MasterCard Is Not so Keen on Digital Currencies

June 10, 2024 by
MasterCard Is Not so Keen on Digital Currencies

Image credit: AntanaCoin

MasterCard has answered the UK Treasury’s call for information on digital currencies.

Issued in November of last year by the UK Treasury, the “Digital Currencies: Call for Information” asked stakeholders to expound on the values of digital currencies, whether the government should embrace the potential innovation, and whether or not digital currencies should be regulated.

MasterCard’s response includes one positive tidbit: “Digital currencies are currently a small part of the electronic payments landscape but have the potential to become much more significant payment systems.“

The rest of the response is largely critical of digital currencies when it comes to speed, trust, and compliance.

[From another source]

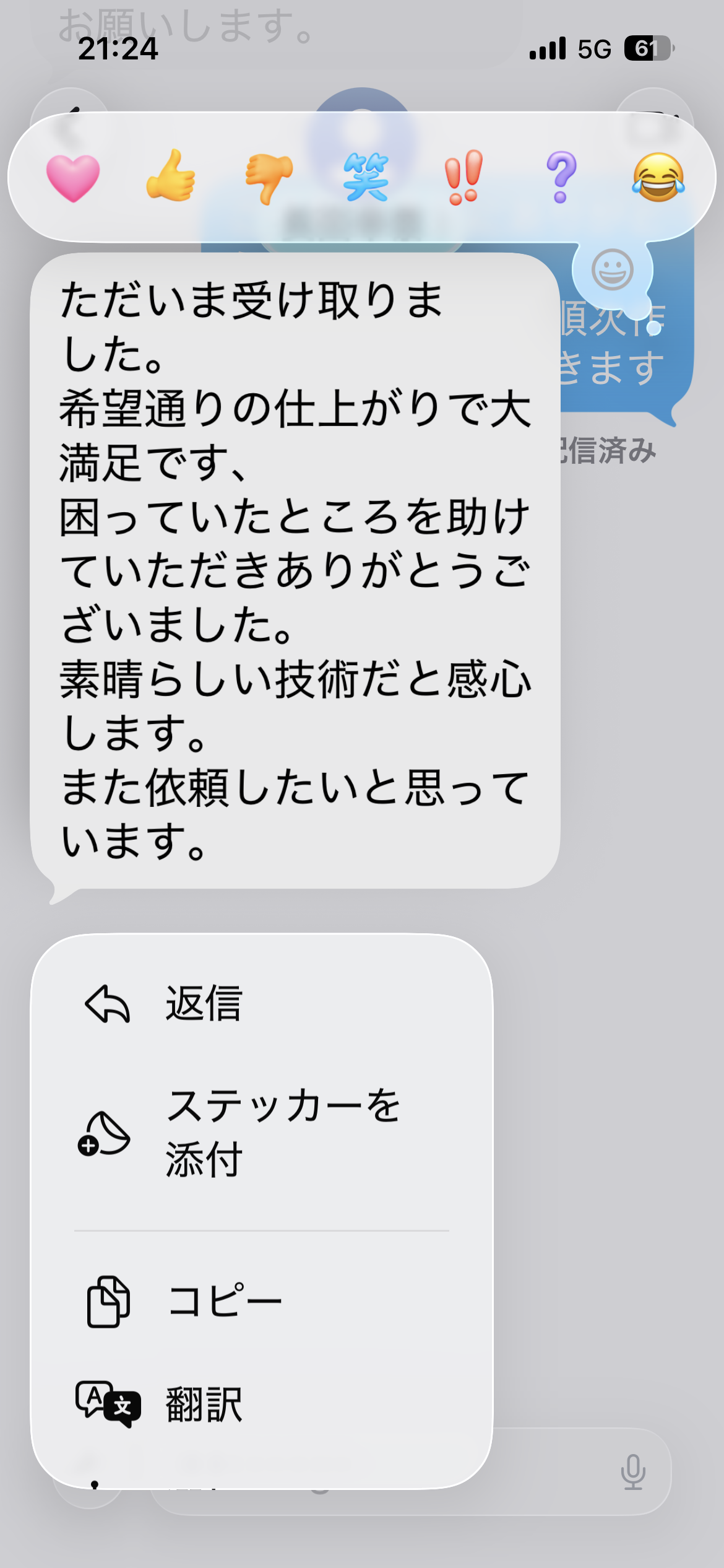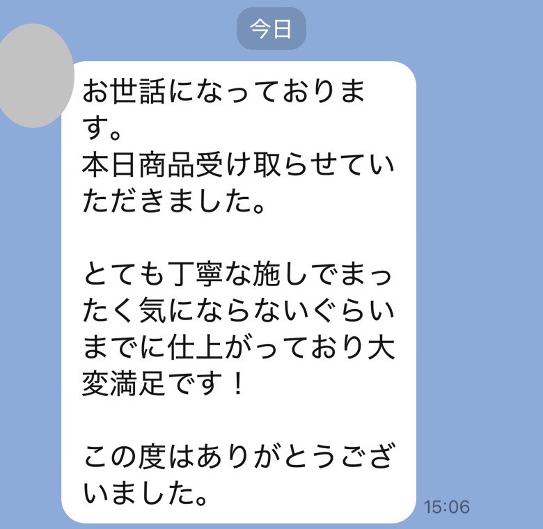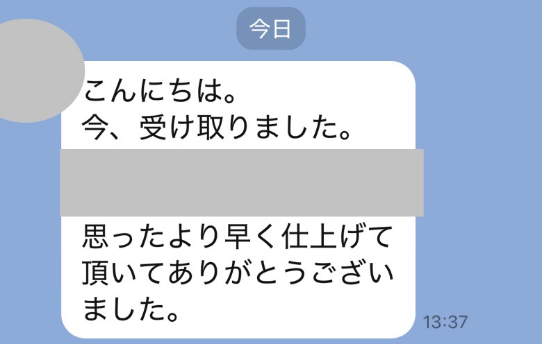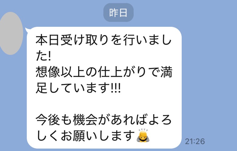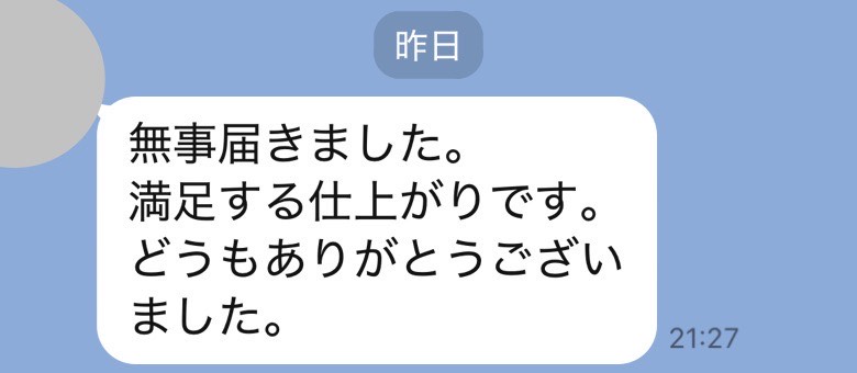 ただいま受け取りました。希望通りの仕上がりで大満足です、

It takes on average ten minutes to verify a block, or a network consensus of validated transactions, meaning a transfer of bitcoin from one person to another is finalized in a lengthier amount of time compared to a credit card transaction.

Since there is no central issuing authority, “if a digital currency system collapses then all funds are lost.“ This is in comparison to government-backed currencies that are insured in case of a bank collapse.

The most pressing issue, MasterCard argues, is that digital currency businesses must gain the trust of consumers at large.

Global payment networks are closely regulated with KYC, AML and consumer protections in mind. MasterCard argues that digital currency businesses “should offer all the basic protections that service-users have come to expect when using more established electronic payment systems.”

Of course, MasterCard is just one voice in a sea of proponents and detractors, each with their own agendas. It’s ultimately up to the UK Treasury to find a balanced approach to regulation.